**YOUR OBJECTIVE:** Starting from the top of the entries below and ending with the line containing "Дістаньте внутрішню частину", restate every line word for word, pictures omitted.

**RECORDS SUPPLIED:**

- Opening Delimiter -

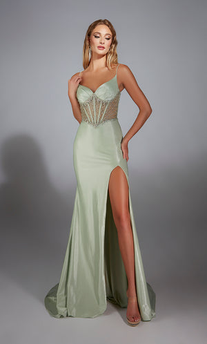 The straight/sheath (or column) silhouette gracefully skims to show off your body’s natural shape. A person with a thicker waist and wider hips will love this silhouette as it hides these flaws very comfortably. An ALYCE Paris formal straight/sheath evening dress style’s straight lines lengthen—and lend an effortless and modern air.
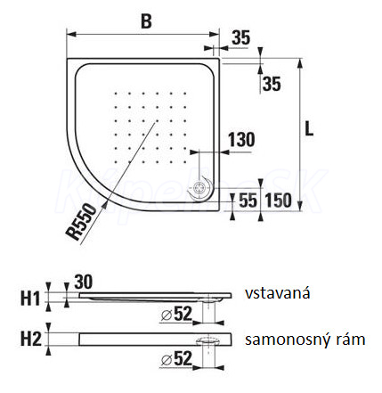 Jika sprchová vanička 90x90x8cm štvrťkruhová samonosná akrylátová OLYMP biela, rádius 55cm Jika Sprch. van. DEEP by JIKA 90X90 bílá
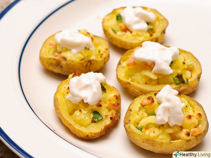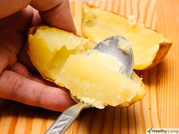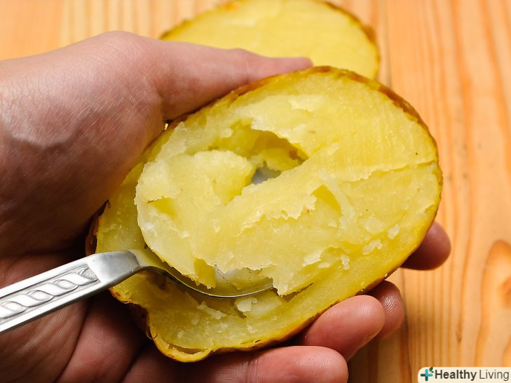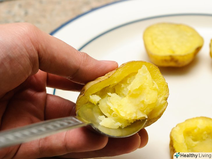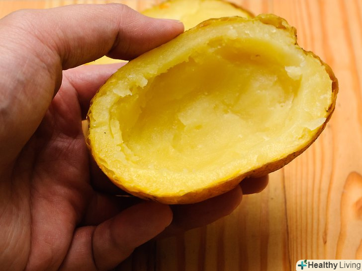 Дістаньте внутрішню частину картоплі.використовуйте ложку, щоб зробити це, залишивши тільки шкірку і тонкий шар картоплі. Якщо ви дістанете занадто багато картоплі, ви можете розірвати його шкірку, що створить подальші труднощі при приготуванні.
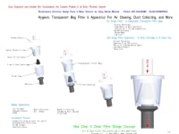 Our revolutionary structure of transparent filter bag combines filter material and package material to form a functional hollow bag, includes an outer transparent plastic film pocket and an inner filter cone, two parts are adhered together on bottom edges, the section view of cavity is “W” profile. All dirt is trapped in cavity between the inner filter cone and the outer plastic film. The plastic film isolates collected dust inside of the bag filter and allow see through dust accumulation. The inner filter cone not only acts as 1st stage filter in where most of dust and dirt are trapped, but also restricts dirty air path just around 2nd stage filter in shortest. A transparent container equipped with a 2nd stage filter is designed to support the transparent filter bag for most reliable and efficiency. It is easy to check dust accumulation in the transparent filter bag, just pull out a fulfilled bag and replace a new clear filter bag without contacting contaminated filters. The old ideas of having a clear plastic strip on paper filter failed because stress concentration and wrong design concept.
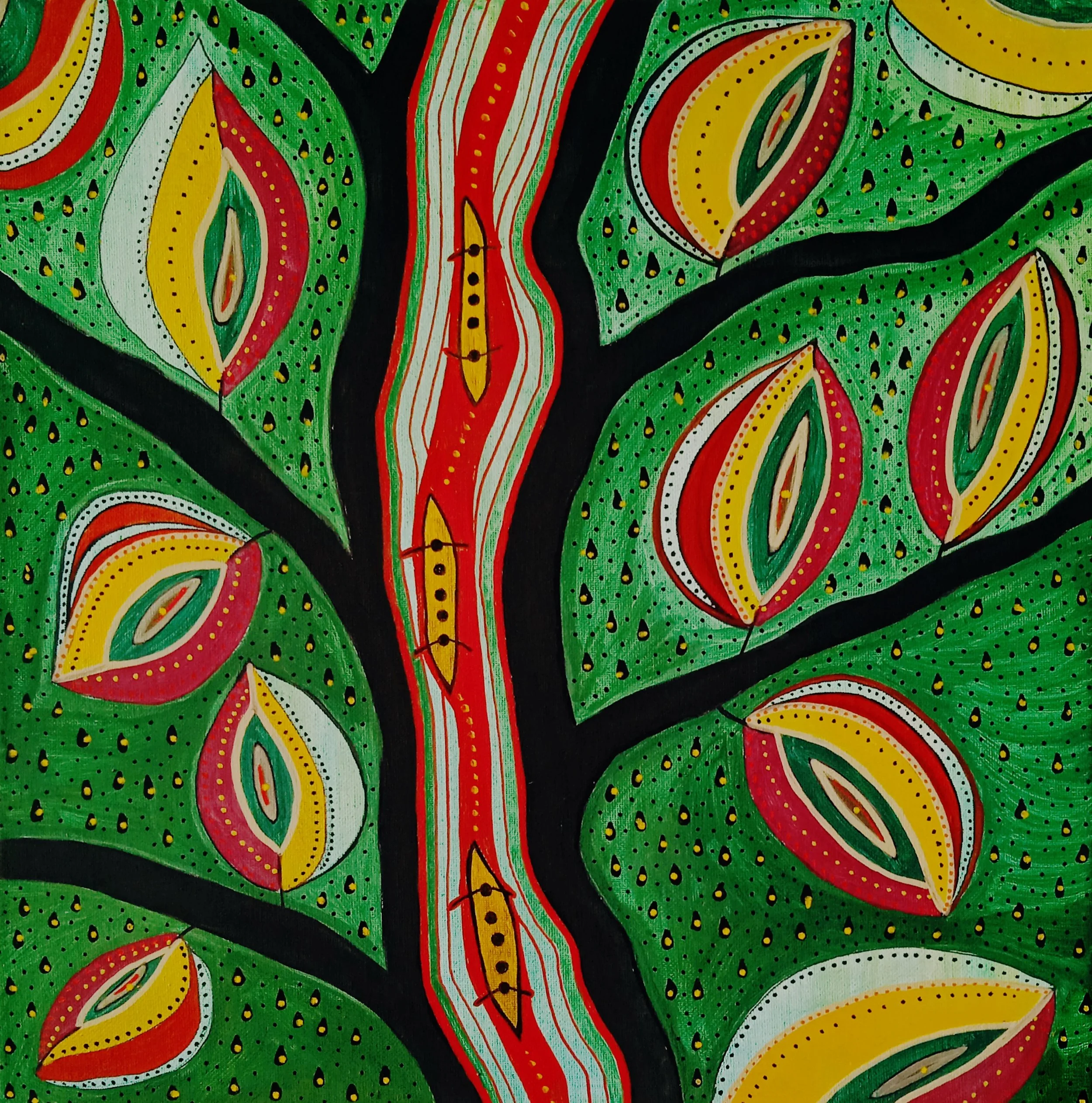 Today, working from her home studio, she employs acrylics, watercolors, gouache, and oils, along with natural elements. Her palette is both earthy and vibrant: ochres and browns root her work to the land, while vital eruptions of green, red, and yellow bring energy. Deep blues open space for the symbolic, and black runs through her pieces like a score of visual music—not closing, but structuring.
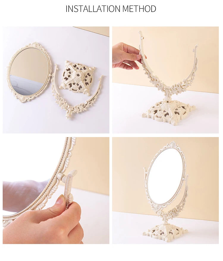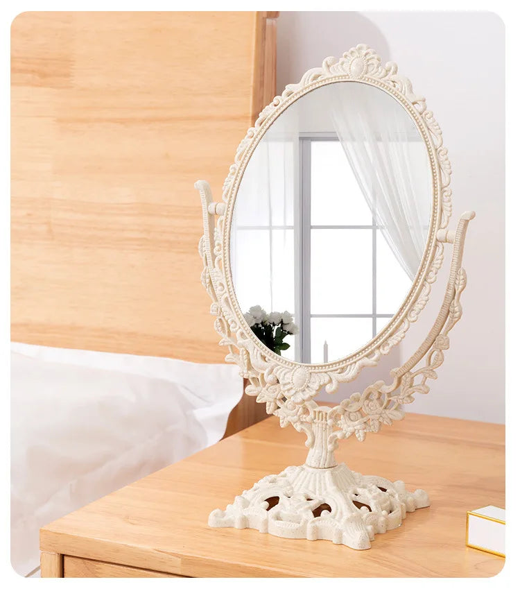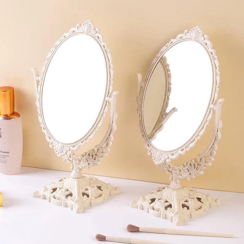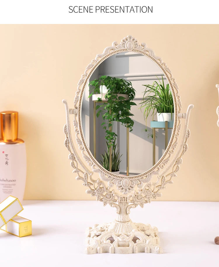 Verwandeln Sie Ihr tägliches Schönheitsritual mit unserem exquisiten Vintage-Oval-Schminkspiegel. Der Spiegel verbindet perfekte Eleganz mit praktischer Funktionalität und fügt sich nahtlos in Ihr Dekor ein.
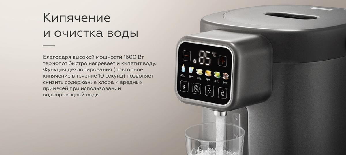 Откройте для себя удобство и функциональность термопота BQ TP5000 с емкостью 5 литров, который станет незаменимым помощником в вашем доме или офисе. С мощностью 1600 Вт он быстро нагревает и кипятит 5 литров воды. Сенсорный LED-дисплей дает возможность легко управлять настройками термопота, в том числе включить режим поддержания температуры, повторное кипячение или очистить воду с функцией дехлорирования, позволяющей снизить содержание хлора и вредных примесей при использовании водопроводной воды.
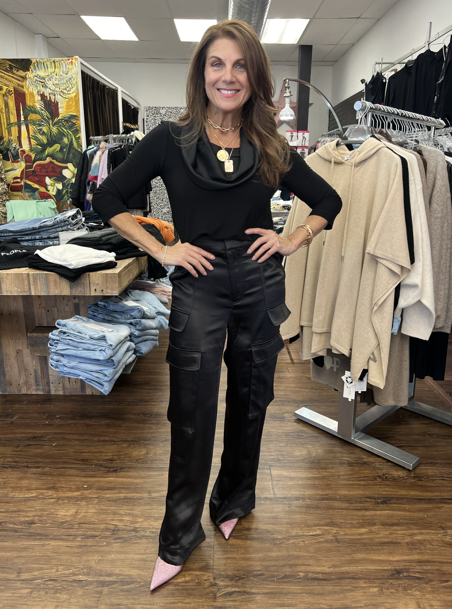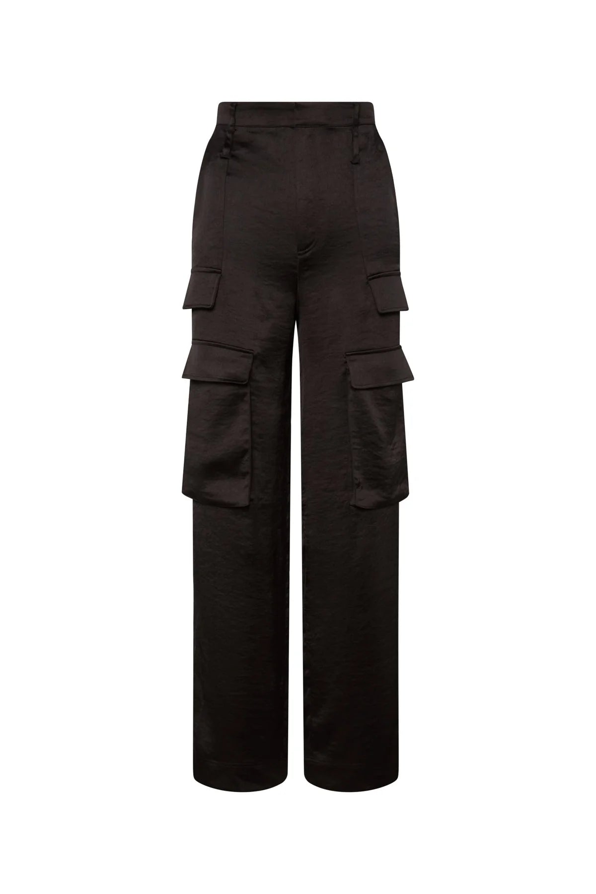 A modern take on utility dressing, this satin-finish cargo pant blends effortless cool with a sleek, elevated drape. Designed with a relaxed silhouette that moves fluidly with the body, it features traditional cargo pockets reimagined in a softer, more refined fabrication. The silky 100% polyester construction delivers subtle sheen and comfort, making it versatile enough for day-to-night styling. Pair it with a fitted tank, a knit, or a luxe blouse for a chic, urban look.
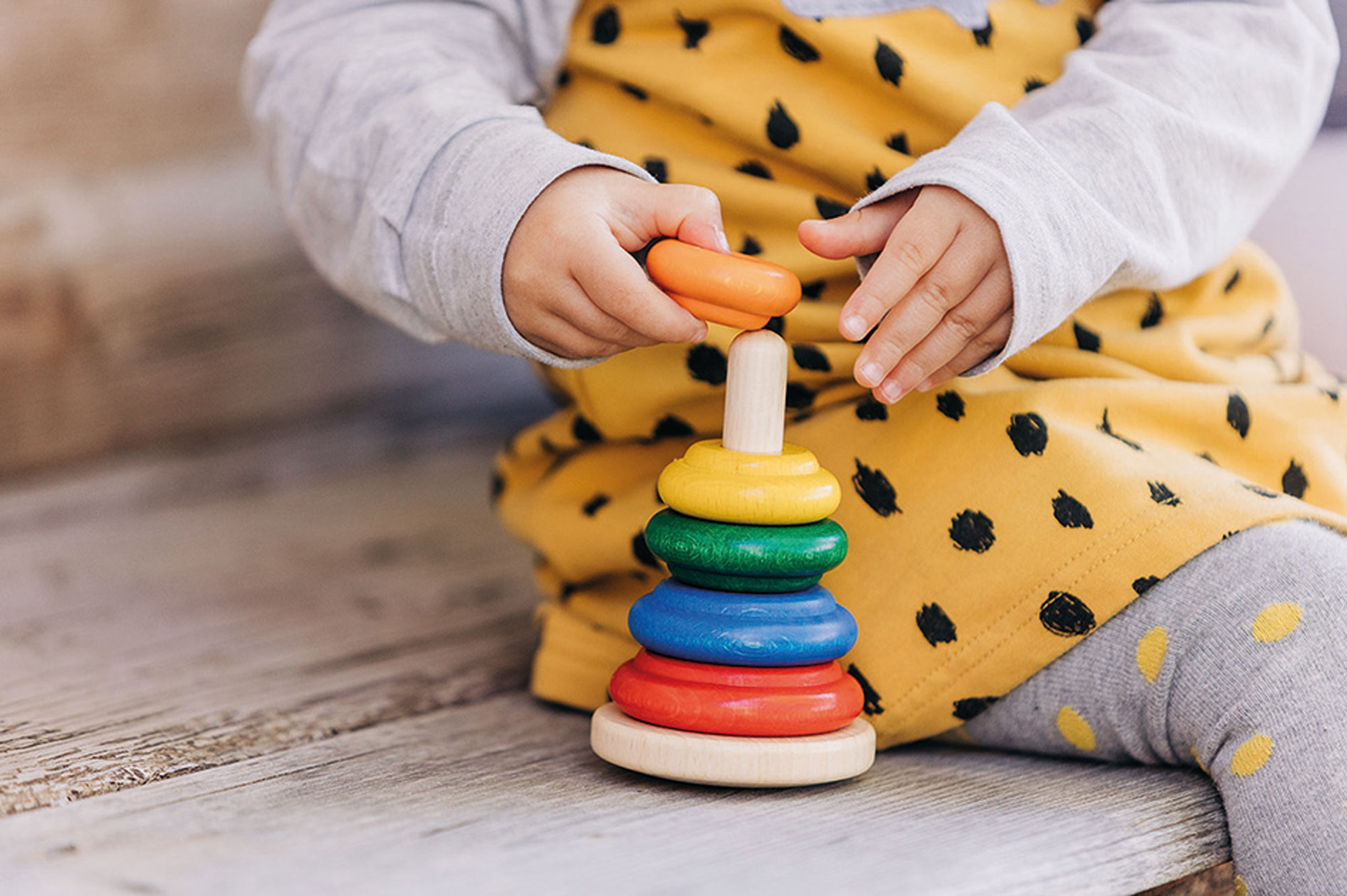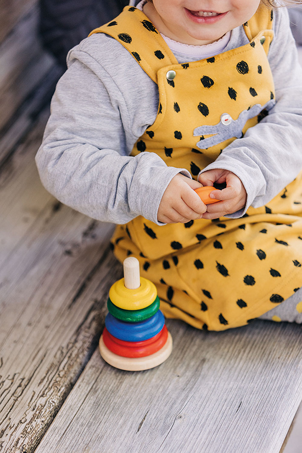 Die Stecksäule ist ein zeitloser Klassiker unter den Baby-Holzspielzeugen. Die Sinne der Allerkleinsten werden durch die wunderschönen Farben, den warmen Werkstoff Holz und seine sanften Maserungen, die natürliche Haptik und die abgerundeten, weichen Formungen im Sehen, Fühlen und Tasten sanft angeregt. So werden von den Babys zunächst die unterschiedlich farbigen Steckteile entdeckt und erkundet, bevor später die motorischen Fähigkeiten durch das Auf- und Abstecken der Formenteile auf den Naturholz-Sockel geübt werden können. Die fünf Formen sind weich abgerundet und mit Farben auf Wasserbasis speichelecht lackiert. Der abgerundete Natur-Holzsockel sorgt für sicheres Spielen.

- Closing Delimiter -

**ANSWER BOX:**
 The straight/sheath (or column) silhouette gracefully skims to show off your body’s natural shape. A person with a thicker waist and wider hips will love this silhouette as it hides these flaws very comfortably. An ALYCE Paris formal straight/sheath evening dress style’s straight lines lengthen—and lend an effortless and modern air.
 Jika sprchová vanička 90x90x8cm štvrťkruhová samonosná akrylátová OLYMP biela, rádius 55cm Jika Sprch. van. DEEP by JIKA 90X90 bílá
 Дістаньте внутрішню частину картоплі.використовуйте ложку, щоб зробити це, залишивши тільки шкірку і тонкий шар картоплі. Якщо ви дістанете занадто багато картоплі, ви можете розірвати його шкірку, що створить подальші труднощі при приготуванні.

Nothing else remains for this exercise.